Mine are still growing strong! I'm having to double cut to get rid of them and usually the next day...."theyyyyyyrrrreee baaaaccccckkkk"!


----------



## tcorbitt20 (Aug 31, 2018)

Most of mine are gone, but I've still got a few spots where they haven't changed a bit.


----------



## RayTL (Jun 4, 2018)

+1, noticed a ton today in my yard :shock:


----------



## fp_911 (Apr 10, 2017)

This is the first year in almost 5 years I've owned the home where these things are not going away. I first cut with my rotary mower and still these stupid things stay behind. So my lawn has looked awful all year because of them. Ugh!


----------



## Wfrobinette (Feb 3, 2019)

RayTL said:


> +1, noticed a ton today in my yard :shock:


Mine are back too! Not as bad as in May but they are there.

what I have learned.

They get too tall to cut with a reel mower in one pass. I've tried 3 passes and not really much better.

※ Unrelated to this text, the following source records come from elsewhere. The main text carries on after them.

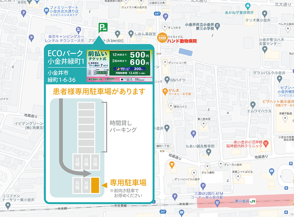 お車でお越しの際は、「ECOパーク小金井緑町1」内の当院専用駐車スペース(無料)、もしくは近隣のコインパーキング(有料)をご利用ください。
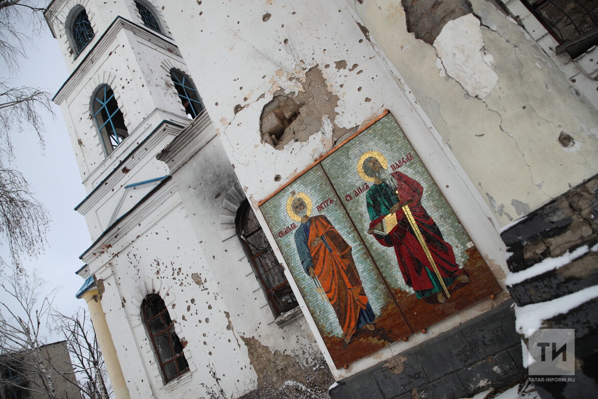 Следующий снимок на выставке – израненный осколками от снарядов храм. Удивительно, но в почти полностью разрушенной после обстрелов обители практически невредимыми остались образы Святых Петра и Павла, выполненные на стене мозаикой.
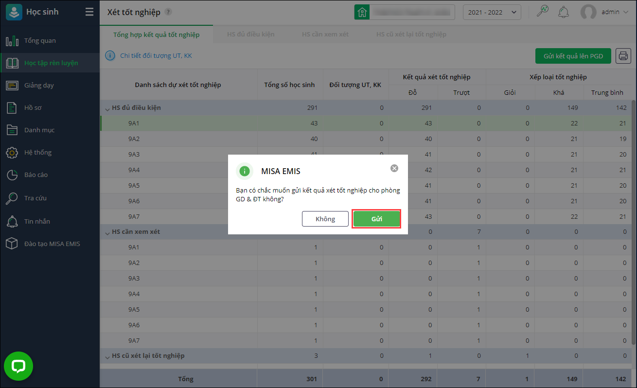 - Nhấn Gửi kết quả lên PGD để gửi kết quả tổng hợp xét tốt nghiệp lên đơn vị chủ quản của mình, xác nhận Gửi.

Get the PGR going much sooner.

Get the yard leveled real nice then pull out the rotary to get them short enough to be handle by the reel.


----------



## admdam (Apr 27, 2019)

I have a Trucut and increased the speed of the blade relative to forward speed and that seems to help somewhat. But they keep on coming back no matter how well they are cut.


----------



## MrMeaner (Feb 21, 2017)

Ive been round and round with seed heads...my yard was looking perfect earlier this year with the right fertilizer and rain, I was thinking year 6 of my lawn was going to be magical. Rain stopped, heat came and here come the seed heads again.

I personally didn't see much seed head suppression from PGR but was not applying it on a regular basis like i should have been...

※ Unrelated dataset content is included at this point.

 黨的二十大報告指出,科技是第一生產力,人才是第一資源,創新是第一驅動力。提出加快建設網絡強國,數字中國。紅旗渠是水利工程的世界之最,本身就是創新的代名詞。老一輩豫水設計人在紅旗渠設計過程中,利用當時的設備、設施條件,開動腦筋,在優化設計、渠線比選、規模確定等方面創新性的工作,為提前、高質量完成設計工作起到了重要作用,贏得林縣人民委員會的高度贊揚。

Reel mowers will not cut seed heads no matter how well you have a mower setup. Grass and paper cut very easily when you have a mower properly set up... Go out to your lawn and pull a seed head out of the stalk. The seed head itself pulls out easily but what's left behind is what dies and turns white and make the lawn have the hazy look. Reel mowers compound the problem by removing the seed head tops by pulling the from the stalk(not a technical term). Now you have two issues a, a dead seed head and a dead stalk..both turn white and make your beautiful bermuda look like doo-doo.

Ive found the best way when seed heads get bad is I hit them at the lowest setting on my rotary and bag.. then come back a day or two later and mow with a reel mower setup really well. Grass, Paper and dead stuff cuts easily now making the lawn look much better after a double cut. My rotary goes down to 1" and I reel at 1/2"


----------



## SwBermuda (Jun 9, 2019)

Come to West Texas and see the seed heads I've had (have) in my backyard. My reel mower is getting fixed so I've gone as low as I can go with a rotary and these suckers I swear pop up from hiding 6-8 hours after I've mowed like they have risen from the dead! Now if heat causes quick growth, I guess the basically 2 weeks straight of triple digit weather doesn't help.


----------